Картошка!
Даже не жившие в советские времена, но смотревшие советские фильмы, должные помнить, что слово "картошка" тогда было многогранным и многопонятийным. Картошка была не только вторым хлебом, не только пунктом в отчётах о посевных площадях и перевыполнении плана, определяемого ёмкой единицей "центнер на гектар", не только объектом экспорта и импорта. Картошка была и средством трудового воспитания, которому подлежали студенты училищ и вузов, бездельники из НИИ, КБ, итээровские тунеядцы и всякие прочие граждане, густо расселившиеся на 1/6 части суши.

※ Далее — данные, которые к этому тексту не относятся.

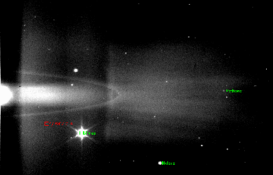 The (narrow) ring visible in the images is the G ring, and the G ring arc passes through the field of view during the course of the movie. Calypso, a Trojan moon of Tethys, is also visible in the sequence. Trojan moons are found near gravitationally stable points ahead or behind a larger moon.
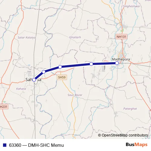 The first stop of the 63360 rail route is Dauram Madhpura and the last stop is Saharsa Jn. 63360 (DMH-SHC Memu) is operational during everyday.
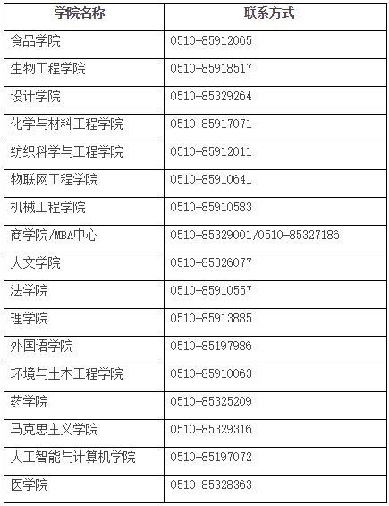 1. 研究生院招生办公室联系电话:0510-85197929Email:yzb@jiangnan.edu.cn
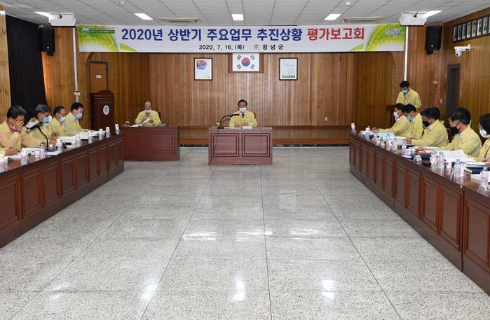 창녕군(군수 한정우)은 16일 군청 대회의실에서 한정우 군수 주재로 부군수, 간부공무원이 참석한 가운데 ‘2020 상반기 주요업무 추진상황 평가보고회’를 가졌다.
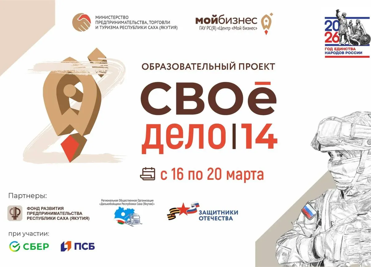 Стартовал приём заявок на образовательную программу «СВОе дело|14», ориентированную на участников специальной военной операции и членов их семей. Проект даёт возможность освоить основы предпринимательства, получить практические знания и поддержку для запуска собственного бизнеса в Республике Саха (Якутия).

Надо отдать должное нашим тогдашним хозяйственникам, они не могли доверить столь важное дело людям неподготовленным, поэтому помимо выезда в поле существовали ещё и овощебазы. Например, на картошку в совхоз нас, студентов, отправили на месяц только в начале 4 курса, но подготовительная работа к этому выезду велась все три предыдущих года.

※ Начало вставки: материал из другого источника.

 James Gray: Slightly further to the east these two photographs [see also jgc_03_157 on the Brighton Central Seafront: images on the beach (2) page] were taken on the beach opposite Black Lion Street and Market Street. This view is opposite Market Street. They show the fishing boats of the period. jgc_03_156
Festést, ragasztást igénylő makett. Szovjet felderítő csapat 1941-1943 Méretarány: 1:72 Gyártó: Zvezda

Она заключалась в регулярных экскурсиях на овощебазу. Так сказать, на подготовительные курсы по правильному обращению с картошкой перед глобальным знакомством с данной сельхозкультурой в местах её естественного обитания.

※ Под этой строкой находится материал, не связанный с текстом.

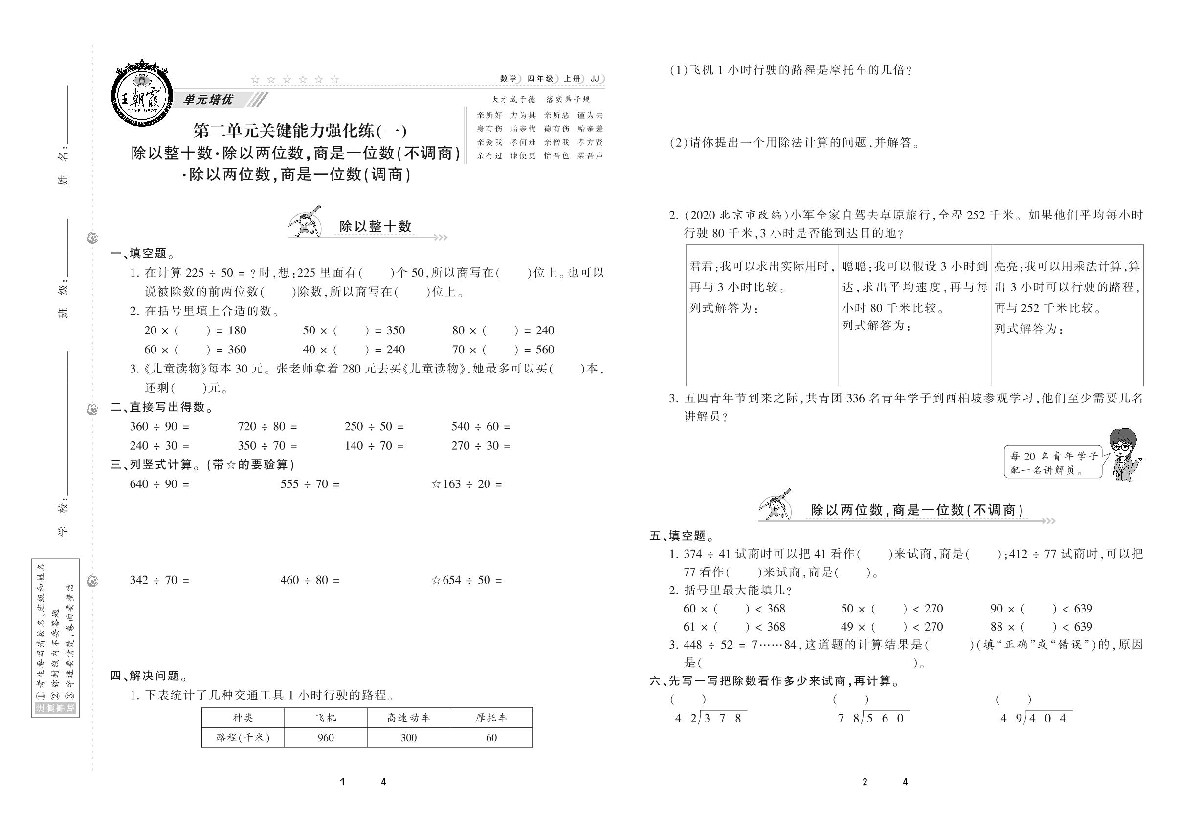 2020上册四年级数学冀教版 第二单元 关键能力强化练(一)

Помимо знакомства с картошкой и способами её хранения, на овощебазе мы общались с другими культурами, требовавшими сортировки, но почему-то это были культуры исключительно произраставшие плодами в земле - морковью, редькой, свёклой. К яблокам и прочим апельсинам нас не допускали. По всей видимости, любовь к труду на земле должна была прививаться при непосредственном контакте с землёй и из земли же и выходить. А райские кущи с зарослями сочных плодов доставались тем, кто уже обладал настоящей трудовой закалкой и соответствующим уровнем политический и боевой подготовки.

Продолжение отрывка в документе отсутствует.